Introduction
The issue of whether infection with HIV is a risk factor for drug-resistant tuberculosis (TB) has been argued for several years. The question surfaced after the Centers for Disease Control and Prevention (CDC) reported outbreaks of drug-resistant disease amongst HIV-infected people in New York City and Miami [1,2]. Although numerous studies have now been published, the question has not been resolved. Some investigators [3-6] have associated drug-resistant TB with HIV infection. Proposed mechanisms include (i) higher infection rates and more rapid progression of resistant organisms in the immunocompromised host, and (ii) acquired resistance that results from co-infection with HIV and TB. Other investigators have found no association between drug-resistant TB and HIV infection [7,8]. Bloch et al. [9] noted that the epidemiology of drug-resistant TB could not be determined from data on local outbreaks. Bloch et al. [9] therefore evaluated data from the CDC and reported the first survey on drug-resistant TB from a national perspective.
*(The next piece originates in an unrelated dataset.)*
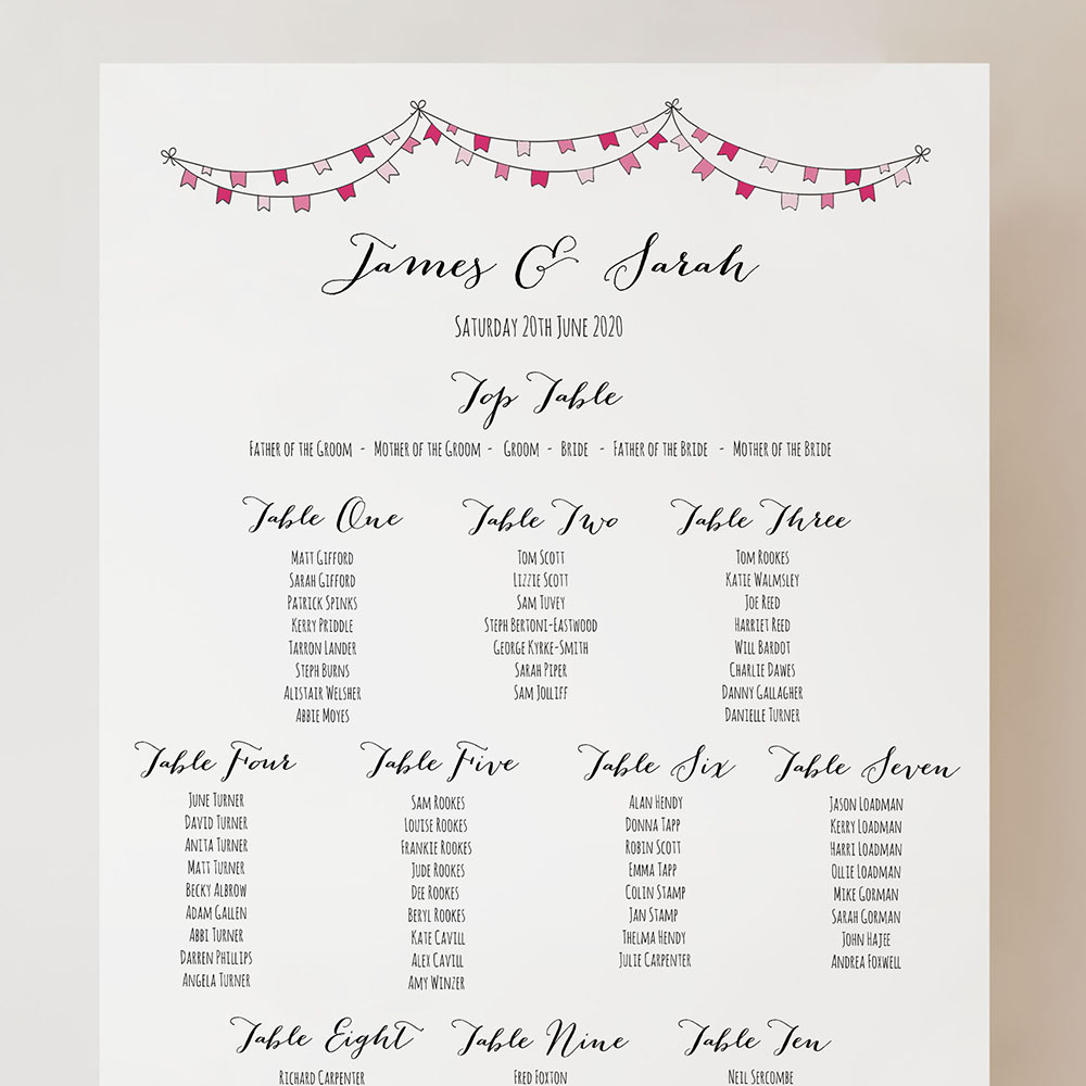 Email us at contact@vintageprints.co.uk with all the details you would like on your table plan. Please send all text typed with spelling and punctuation exactly as you would like it to appear as we copy and paste. Please do not use tabbing or spacing to space tables out. List each table separately, one below the other, as we need to be able to copy and paste each individual table.  We will create electronic proofs for you so that you have plenty of opportunity to make changes. Nothing goes to print until you are happy with it. Approved proofs are final, and we do not therefore limit the number of changes you can make to your electronic proofs within reason.

At-risk groups were identified, but no data were available at that time on HIV status.
Recently, two additional studies have reported conflicting results. Asch et al. [10] concluded that, in an area with no ongoing outbreak of resistant disease, drug-resistant TB was not more common in HIV-infected patients. However, Gordin et al. [11] found that HIV infection was associated with drug-resistant TB, irrespective of geographic location, prior therapy, age and race.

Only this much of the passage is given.